I have decided that my Mathematica solutions to the New Scientist Enigma problems are cluttering up this blog, so I will move them to a separate blog called Enigmatics which I will generate using the incredibly useful WorkLife FrameWork; believe me, using WLFW is like having a 24/7 personal assistant organising all of your Mathematica notebooks. This allows me to present my solutions in a form that is much closer to the original Mathematica, but it does not allow for comments on blog entries.

I have looked into the possibility of managing the comments myself, but the effort needed to counter the inevitable spam is too great. I will instead provide a link in each Enigmatics blog entry back to this blog, which will allow comments to be made using the Blogger commenting system.

Wednesday, November 28, 2007

NanoArt 2007

Nanoart is defined here as:

NanoArt is a new art discipline related to micro/nanosculptures created by artists/scientists through chemical/physical processes and/or natural micro/nanostructures that are visualized with powerful research tools like Scanning Electron Microscope and Atomic Force Microscope.

The process of creating nanoart is described here as:

I bring the small world in front of my audience through high resolution electron microscope scans of natural micro or nanostructures and sculptures I create at micro or nano scale by physical or/and chemical processing. I take further steps by mixing the realistic images of this structures with abstract colors, digitally painting and manipulating the monochromatic electron scans, and finally printing them with long-lasting inks on canvas or fine art paper (giclee prints). This way, the scientific images become artworks and could be showcased for a large audience to educate the public with creative images that are appealing and acceptable.

In a nutshell, the electron microscope provides the raw image, and the artist colours it in to produce an enhanced (i.e. artistic) result. This could range from a trivial colour tinting of the raw image, through to an artistic rendition that is based only very loosely on the raw image. Of course, I favour the more artistic style of nanoart, and I have some ideas on new ways of creating such artwork, but there isn't room in this tiny blog posting to tell you all about it!

Anyway, back to the title of this posting: NanoArt 2007. This is an online competition to create nanoart, and the submission deadline is 31 December 2007. For people without ready access to an electron microscope to create their own raw images there are 3 high resolution monochromatic electron scans provided here (nano-flower), here (micro & nano), and here (nano-crystals). I think it would be fun to enter this competition.

Saturday, November 24, 2007

Dresden art gallery

Here is a nice photo of a very small part of the world famous Dresden Art Gallery:

Here is a snapshot that I took of the same scene (with some more context) in Second Life:

The exact location of this duplicate of the Dresden Art Gallery in Second Life is Visitors to SL do not need to pay anything just to explore.

I won't show you inside the Second Life duplicate of the art gallery, so you will have to visit it yourself to enjoy it. You can have a look at the WIRED report here if you want more details. Set aside a spare half-day for this adventure in SL. You won't be disappointed.

Wednesday, November 21, 2007

Sand painting

I found this video of sand painting here at Backreaction:

I think it is a wonderful art form, and it has given me some ideas ...

Friday, November 16, 2007

Enigma 1469

Here is how Mathematica can be used to solve New Scientist Enigma number 1469 in the 17 November 2007 issue.

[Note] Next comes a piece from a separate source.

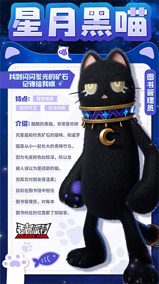 欣赏矿石和望向星空,这便是星月黑猫最爱的生活日常。酷酷的外表下,隐藏着对朋友的关心和温柔 。她经常为青梅竹马暹罗猫的憨憨性格而操心,还会用自己的知识为遇到难题的猫猫们出谋划策。另外还擅长在黑暗中隐藏自己,为图书馆的客人们送上惊喜。
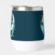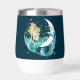 Une sirène blonde cheveux sur une lune croissant avec une queue de couleur turquoise avec de l'eau, des bulles d'eau et des étoiles tout autour. Le tout dans un style art déco4.

WARNING: See the comments for details. There is an error in the solution given below that I need to fix. In working on a fix I discovered a bug in the HamiltonianCycle function in Mathematica's Combinatorica package (this bug has been acknowledged by the author of the Combinatorica package) which destroyed any chance of my fix working fully correctly, although the correct solution to Enigma 1469 could be seen lurking in amongst the erroneous clutter. I will abandon my solution to Enigma 1469 because it has absorbed too much of my time already, and the discovery of the HamiltonianCycle bug can stand as a testimonial to the cleverness of Enigma 1469. I suppose that I ought to leave the rest of this posting intact otherwise the comments would be orphaned, and also there are some useful techniques illustrated in my erroneous solution.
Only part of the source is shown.